Wednesday 6 April 2016

The Story

Born in Airedale, in the sixties,
they called her "Tubby Lister".
She was a late bloomer,
stayed in her room, playing Wham.
Then BAM.
Benidorm, 1982.
She found you,
or you found her, who knows.
This is how it goes: the Yorkshire and Lancashire merger
took my future further.
Dexy and his Midnight Runners sang about Eileen,
and there was Helen, she was beautiful and seventeen.

So this began. You ran, and
you both ran after each other,
I don't ever doubt that you loved one another.
A little flat, a little puppy, a little baby: me.
Things got fairly serious, quite seriously.
You changed your life, and so did she,
that's just the way people thought things had to be.

Imagine if life had just split right there,
you had not stayed together,
you'd said it wasn't fair
to be tied down, to be stuck in that town,
where all you felt was some rope dragging you down.
Take the baby, raise it alone, Grandad said,
My god, can you imagine the life I'd have had instead?

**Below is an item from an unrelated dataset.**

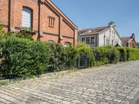 This image captures the bustling city life in Berlin, Germany. The classic architecture and cobblestone road create a charming and historic atmosphere. In the foreground, a brick path is lined with beautiful green bushes. The focal point of the scene is a large brick building in the center background. This photo represents the urban design and residential areas of Berlin, showcasing the unique blend of old-world charm and modern city living. The clear sky adds a sense of light and openness to the image, further enhancing the beauty of the city.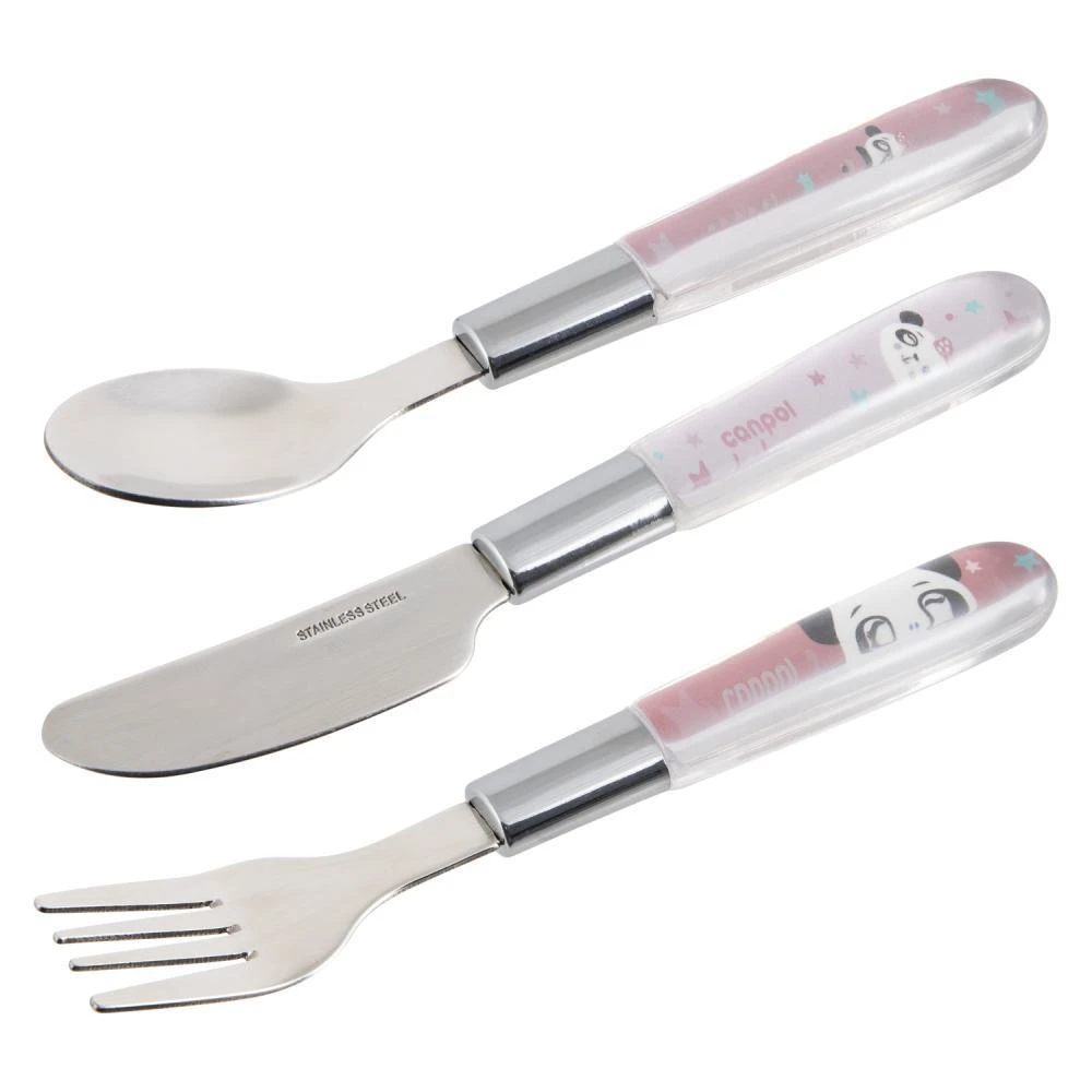 Príbor kovový Exotic Animals 3 ks ružový Canpol babies

I apparently emerged into this life,
With a little puppy to accompany me.
The first child, the one in pink,
in photos.
A tiny flat, I wish I could remember that.
For a long time I thought I was a mistake
but what a mistake to make.
Flashing pictures on the wall,
years later, made me see
that you loved me completely.

And then came the other little surprise,
Daniel with his curly hair and squinty eyes.
A stout little maniac with shovels for hands,
he ruined days out and kicked his shoes in the sand,
he jumped into pools and cracked up his skull,
if life were a china shop, he was the bull.

He was clever they said, a genius perhaps,
And growing up, despite the occasional lapse,
he remained the clever one.
And I resigned to be the one that never won.
She loved him more; I always knew.
There was just so much more of me that reminded her of you.
Until I left, went away, spread some miles.
She reached for me in the agony of a trial.

And our story has gone on a different trail,
Thinking twice now that I've lost you, I've flailed
and gasped and we've been through so much strife.
But you are the anchor of my life.
We are the same, and I am proud of that fact,
every now and then, though, I need to react
to feeling the way I do. And you can't talk to me,
in the way I need my dad, best friend, mentor, to be.

And then Helen thrashed out of this life.
Or slept through it.
Doesn't matter, she's not here to
talk to if I wanted to. Which I do.
I lost a limb, no not that, an organ.
A piece of me that can't be replaced,
I will never close my eyes and not
see her face. Every thing I do is laced
with the loss of her.

So we are now placed here. Later.
Your children are together. And trying. We need to try to
get over mum dying.
I know we are grown and we are old enough,
but is it still okay to say I am not that tough?

I still need that man.
Because I'm your child and you're my father. That will never change
No matter my sadly increasing age.
You still are that hero. That Rochdale imposter.
Don't let me lose you, now that I've lost her.